本文设计制备了一种双金属复合氧化物SbCeO_x催化剂, 并研究NH₃-SCR活性, 以评估HCl对反应机理的影响. 结合表征技术和密度泛函理论(DFT)计算, 探讨了催化剂的理化性质与其催化性能之间的关系, 深入研究了HCl对SbCeO_x催化剂NH₃-SCR反应机理的影响. 结果表明, 在HCl毒化过程中, HCl与吸附氧和表面晶格氧发生反应, 导致HCl在催化剂表面诱导生成的氯酸盐物种, 显著提高了催化剂的低温活性, 在155 °C时NO转化率提高了30%. 同时, 高温下N₂选择性也得到明显改善, 在405 °C时NO转化率提高了17%. 研究结果和DFT结果均证实, 氯酸盐物种在Ce位点形成, 该过程中晶格氧被消耗, 促进了氧空位的产生, 提高了催化剂表面氧的交换能力. 此外, 氯酸盐物种还增强了NH₃在Ce位点的吸附, 促进了Sb-OH的形成, 并减少了OH在这些位点的竞争性吸附. 吸附的NH₃随后与残余的晶格氧反应, 在Ce位点上形成酰胺(-NH₂)中间体, 同时在Sb位点上产生额外的氧空位和羟基. 酰胺中间体进一步与NO反应形成关键的[NH₂NO]中间体, 这些中间体最终分解生成N₂. 值得关注的是, 与未进行HCl气体毒化相比, 氯酸盐物种的存在增强了NH₃的吸附和活化, 这对于后续催化反应至关重要. 实验结果表明, HCl处理促进了Sb³⁺-OH物种的生成, 气态NO也可以被氧化生成NO₂. 生成的NO₂随后与Brönsted酸位上的NH₄⁺物种反应, 它能够与NH₃发生反应生成Sb³⁺-O-NH₄⁺, 提高催化剂表面Brönsted酸位点的酸性, 促进Brönsted酸位点配位NH₄⁺物种与NO₂反应生成N₂和H₂O, 从而显著提升了SbCe催化剂的N₂选择性. 该发现与原位红外光谱和NH₃程序升温脱附结果一致, 进一步证实了Brönsted酸位的酸度是NH₃吸附的主要驱动力.
综上, 本研究揭示了HCl对NH₃-SCR反应机理的影响, 为设计抗HCl中毒的高效脱硝催化剂提供了新思路. 未来研究可进一步探索不同酸性气体对催化剂性能的影响, 开发更加高效、稳定的脱硝催化剂, 为垃圾焚烧电厂的氮氧化物控制提供技术支持.

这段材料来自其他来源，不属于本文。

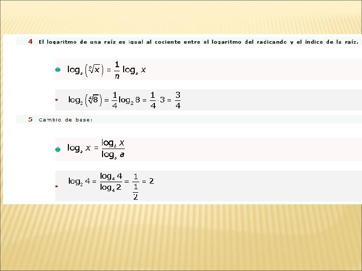 EJEMPLO Definición de logaritmo Siendo a la base x el número e y el logaritmo.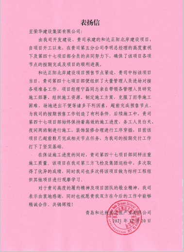 近日,集團(tuán)公司收到青島和達(dá)致遠(yuǎn)文旅產(chǎn)業(yè)有限公司發(fā)來的表揚(yáng)信,對五公司第四十七項目部施工的和達(dá)正陽北岸建設(shè)項目提出表揚(yáng)。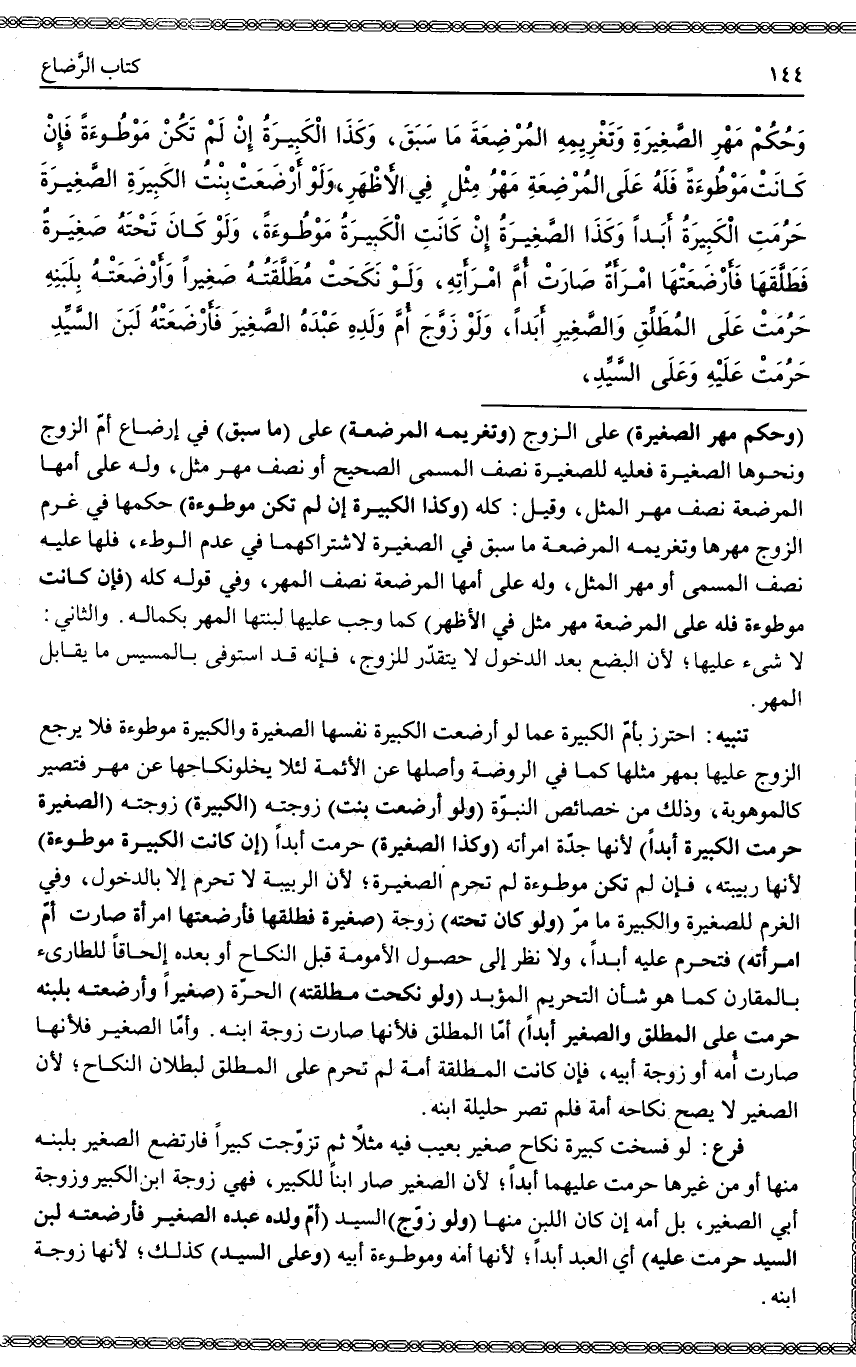 فَرْعٌ: لَوْ فَسَخَتْ كَبِيرَةٌ نِكَاحَ صَغِيرٍ بِعَيْبٍ فِيهِ مَثَلًا ثُمَّ تَزَوَّجَتْ كَبِيرًا فَارْتَضَعَ الصَّغِيرُ بِلَبَنِهِ مِنْهَا أَوْ مِنْ غَيْرِهَا حَرُمَتْ عَلَيْهِمَا أَبَدًا؛ لِأَنَّ الصَّغِيرَ صَارَ ابْنًا لِلْكَبِيرِ، فَهِيَ زَوْجَةُ ابْنِ الْكَبِيرِ وَزَوْجَةُ أَبِي الصَّغِيرِ، بَلْ أُمُّهُ إنْ كَانَ اللَّبَنُ مِنْهَا

关键词: NH₃选择性催化还原, 氯酸盐物种, SbCe催化剂, 密度泛函理论, 氯化氢

Abstract:

Understanding the influence of HCl on the NH₃-selective catalytic reduction reaction mechanism is crucial for designing highly efficient denitrification catalysts. The formation of chlorate species on the surface of the synthesized SbCeO_x catalyst, induced by HCl, significantly enhances low-temperature activity, as evidenced by a 30% increase in NO conversion at 155 °C. Furthermore, it improves N₂ selectivity at high temperatures, with a notable 17% increase observed at 405 °C. Both experimental results and density functional theory calculations confirm that chlorate species form at Ce sites. This formation facilitates the creation of oxygen vacancies, boosting the oxygen exchange capacity. It also increases NH₃ adsorption at the Ce sites, promotes the formation of Sb-OH, and reduces competitive OH adsorption on these sites. Notably, compared with the reaction mechanism without HCl, the presence of chlorate species enhances NH₃ adsorption and activation, which is vital for subsequent catalytic reactions.

Key words: NH₃-selective catalytic reduction, Chlorate species, SbCeO_x catalyst, Density functional theory, HCl

刘彩霞, 黄朝俊, 范柏余, 张岩, 房莉静, 王雨禾, 刘庆岭, 王卫超, 陈延国, 张亚伟, 刘建成, 董芳, 张子印. 氯化氢对锑铈基催化剂在NH₃-SCR反应中的促进作用及其机理研究[J]. 催化学报, 2025, 68: 376-385.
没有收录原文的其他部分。